The report shows that:

• 31% of all major incidents had a cross-border impact.
• More than 1,000 incidents affected multiple countries.
• Around 8% impacted more than 10 countries.

This finding is particularly relevant for multi-jurisdiction brokers, cross-border payment providers, crypto exchanges, and trading infrastructure providers, all of which operate across interconnected markets and depend heavily on shared technology and service providers.

A disruption originating in one market can quickly spread through shared technology platforms and vendor ecosystems. This interconnectedness helps explain why regulators opted for a harmonised framework rather than a patchwork of national reporting standards.

Although cybersecurity incidents accounted for only around 10% of all major incidents, they remain a significant concern.

Among reported cyber incidents:

• DDoS attacks accounted for 33%.
• Data theft, data manipulation, and identity theft accounted for 31%.
• Social engineering, ransomware, and supply-chain attacks accounted for the remainder.

Interestingly, regulators conclude that the relatively low number of cybersecurity incidents may indicate that existing security controls are generally effective. However, this does not mean firms can afford to relax. The report specifically notes that institutions must continue strengthening their cybersecurity capabilities as attackers increasingly adopt AI-driven tools and automation.

The first year of DORA reporting demonstrates one thing clearly: the biggest risks facing financial institutions are not necessarily the high-profile cyberattacks that dominate headlines.

More often, disruptions stem from:

• Software failures
• Infrastructure outages
• Vendor dependencies
• Process weaknesses
• Operational complexity

For brokers, trading venues, crypto exchanges, and payment firms, operational resilience is increasingly becoming a competitive differentiator.

Firms that invest in real-time monitoring, automated incident response, robust disaster recovery capabilities, effective third-party oversight, and regular resilience testing are likely to be better positioned to maintain client trust, minimise disruption, and meet increasingly demanding regulatory expectations.

When DORA was introduced, many firms viewed it primarily as another regulatory burden. The first annual incident report tells a different story.

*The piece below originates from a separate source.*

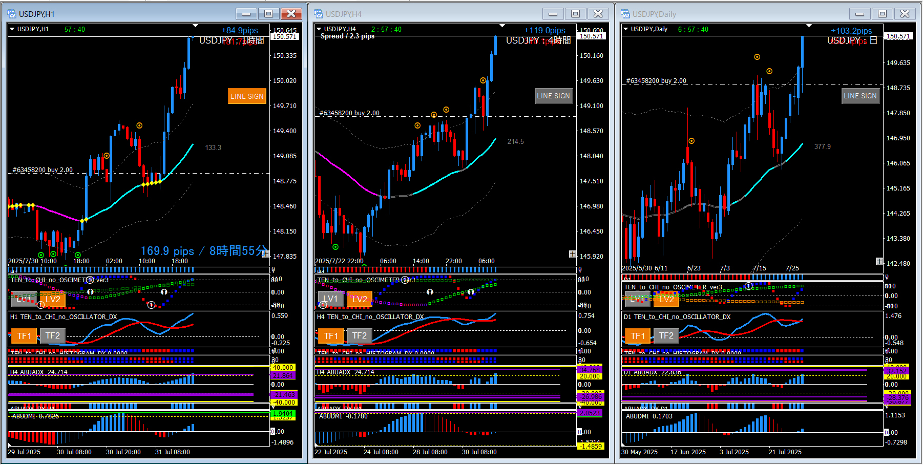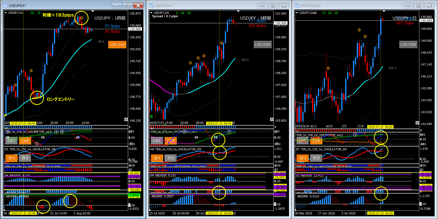 【2025年8月1日】一撃180pips!天と地のインジケーターのデイスイング手法検証(ドル円)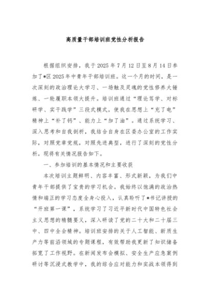 / 【七哥公文】2025年:高质量干部培训班党性分析报告+更多免费公文+VX:QiGeGongWen2024

The evidence suggests that while major ICT incidents remain common, most are being contained before they escalate into systemic events. Financial institutions are detecting disruptions more quickly, responding more effectively, and limiting the impact on customers and counterparties.

For the trading industry, that may be the most important finding of all. DORA was never about eliminating incidents. It was about ensuring that firms remain resilient enough to continue operating when incidents occur.

The first year of data suggests that the industry is moving in the right direction.